Irishman who became the ‘Bard’ of the Snowy Mountains Scheme.

Songs of the Snowy Mountains
The Settlers
Editor: Shannon O’Boyle

Reviewer: J.A. O’Brien

An important new contribution to the history of Australian folk music and to Australian folklore generally, “Songs of the Snowy Mountains: The Settlers”, tells the story of Ulick O’Boyle a prolific writer of songs poems and ballads. Compiled and edited by his daughter Shannon O’Boyle the handsome book tells the history of the man and his times and includes pages of the words and music of 24 songs together with a superb collage of photographs.

The huge Snowy Mountains Hydro-electric Scheme was started in 1949 and completed in 1974. Covering more than 5000 square kilometres it has been described as ‘one of the modern wonders of the world’ –there is only two per cent of the massive project above ground. It was an enormous undertaking that would change not only the landscape of the Snowy Mountains but the very culture of Australia forever.

During its construction, more than 100,000 people from 30 different countries including Australians, worked on its 90 miles of tunnels; drilled and blasted through granite rock. Towns were moved or submerged beneath sixteen large dams and seven power stations; two of which were underground; together with a pumping station were all part of the infrastructure. The project diverted the waters of the Murrumbidgee, the Snowy and the Tumut rivers, to provide irrigation water west of the Great Dividing Range, and to generate hydro-electric power for use in New South Wales, Victoria and the national capital Canberra.

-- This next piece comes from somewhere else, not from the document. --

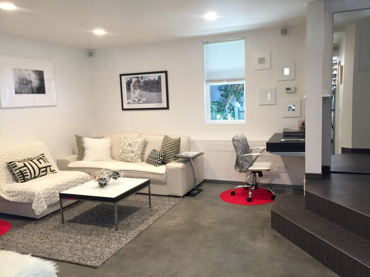 Kaliforniya sənətkarlarının evində, yamyaşıl bitkilərlə əhatə olunmuş, ayrıca girişi olan, birinci mərtəbədə yerləşən, özəl, geniş çarpayılı Qonaq Otağı. Limon ağacı və koi balıqları olan açıq verandası. Minimalist, müasir və sakitdir. Emeryvilin mərkəzində yerləşir. San-Fransisko, Berkli, Oklendə yaxın. Asan giriş | çıxış! İşgüzar səyahətçilər üçün mükəmməldir. Girinti hündürlüyü və təmiz xətləri ilə rahatlıq və minimal təsir nəzərə alınaraq dizayn edilib. PULSUZ və ASAN Küçə Parkinqi!
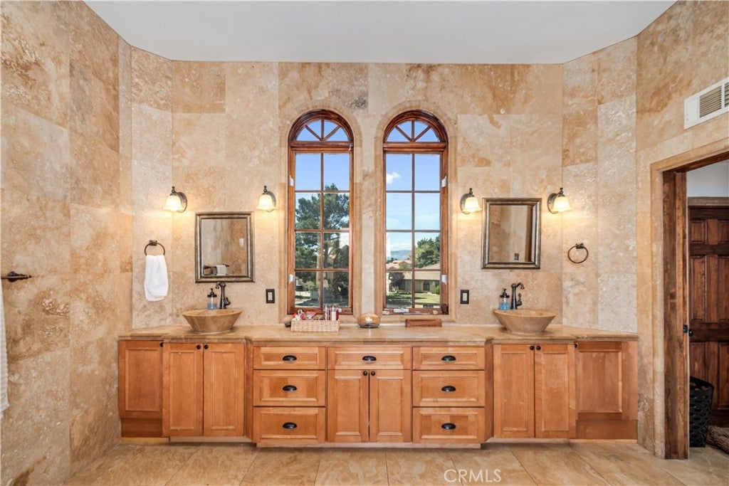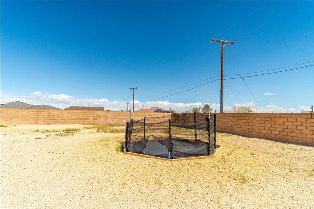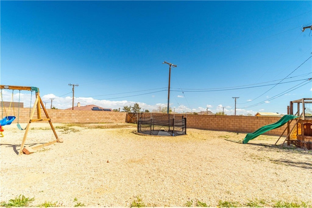**Welcome to Your Dream Home!** Nestled on a quiet cul-de-sac in North California City, this stunning custom-built Mediterranean-style executive home offers elegance, comfort, and high-end finishes throughout. Step inside to a beautifully designed main floor featuring vaulted beam ceilings, arched windows, and a custom electric fireplace that adds warmth and charm to the spacious living area. Enjoy natural travertine flooring throughout, a gourmet kitchen equipped with granite countertops, Viking stove, built-in oven, microwave, dishwasher, refrigerator, and a walk-in pantry. The kitchen flows seamlessly into the dining area, making it perfect for entertaining. Downstairs also features a guest bedroom and full bath. Upstairs, the luxurious master suite is a true retreat, complete with walk-in closets, French doors leading to the patio, and a spa-inspired bathroom with floor-to-ceiling travertine, a heated jacuzzi tub, and a skylight that fills the space with natural light. Generously sized secondary bedrooms offer large walk-in closets, while additional upgrades throughout the home include fresh interior paint, recessed lighting, tinted windows, ceiling fans, a water filtration system, solar panels, and dual A/C units for year-round comfort. The spacious 3-car garage boasts epoxy flooring, and the entertainer's backyard is ready for gatherings with a 12-ft tall pergola, above-ground pool, and an in-ground trampoline for endless fun. This home truly has it all—style, function, and luxury. Don't miss your opportunity to own this incredible property!

Into this feverish activity in 1962, came a young Irishman, Ulick O’Boyle, from County Roscommon, to work as a concrete worker. During the five years he worked on the scheme, O’Boyle observed the interaction of people from many nationalities that lived in the construction camps and nearby small towns. Working and living together in the freezing cold or stifling heat of the capricious mountain climate these ‘New Australians’ forged a vibrant multiculturalism.

O’Boyle was a very talented man with the heart and mind of a poet. In poetry, ballad and song he wrote his impressions of the places, the people and the work that was being done. His fellow Settler, Paul Davey, says, “Ulick captured the atmosphere of the life of Snowy workers, the diverse nationalities, the loves and heartaches, the dangers and terrors, the comedies and tragedies.”

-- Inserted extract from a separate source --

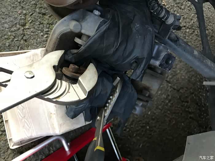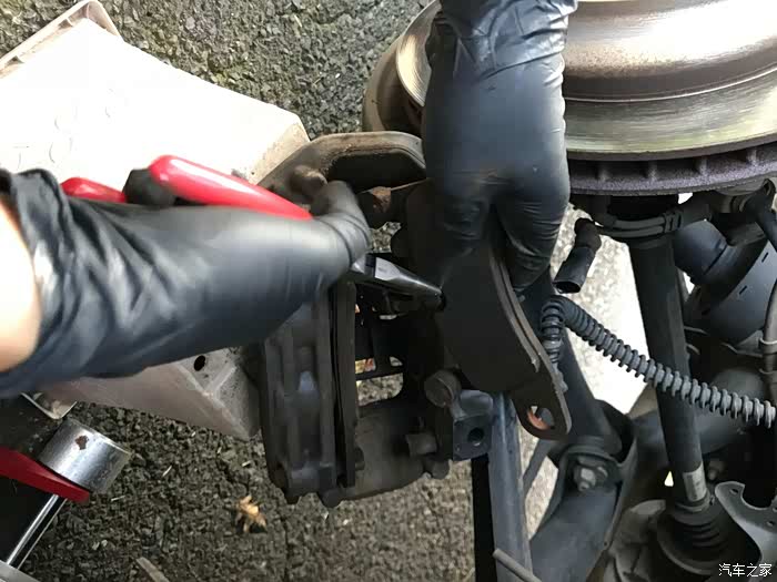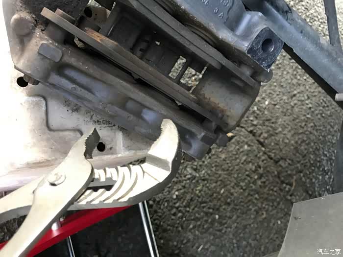 在花园找了个塑料花盘拖着卡钳,以便操作。因为没有专用的工具将活塞顶回去,因此土方法用宽口钳子(不确定这个工具名字),垫着旧刹车片和手套,将卡钳活塞推回,腾出空间给更厚的新刹车片。(推回时注意引擎舱的刹车油液是否过满溢出)

To perform the songs he had written, together with his wife, Anne Rutherford, and a fellow worker, Peter Barry, they formed a group, The Immigrants, that later became The Settlers. They released their first album on the RCA label in 1966, followed by five more over the next thirty years.

The songs tell the stories of The Big Construction Game, the fate of The Dozer Driver Man, Olaf, and the tragedy of The Ballad of Big Pedro. Interspersed with these gripping tales of the lives of workers are songs of young love, Old Talbingo and the pain of parting/renewing Winter Back in My Heart. Then a change of mood to the ‘colour life and laughter’ of the times with The Cooma Cavaliers, The Thredbo Slop and Friday Night – Long Weekend.

But O’Boyle also reminds us of the price of progress with touching songs and poems like Jindabyne Farewell (one of the old towns submerged) and Jack Bridle’s Farewell to a way of life on the land. A well-informed man he comments on life and social issues with wry humour in Long Gone Pom and Dear Hoffman and poignantly in Paddy Went Home in the Rain, Young Jack Frost-Texan and Hard Rock Drilling-I’ve Done It. There are 24 songs on a CD that comes with the book, or it can be purchased separately.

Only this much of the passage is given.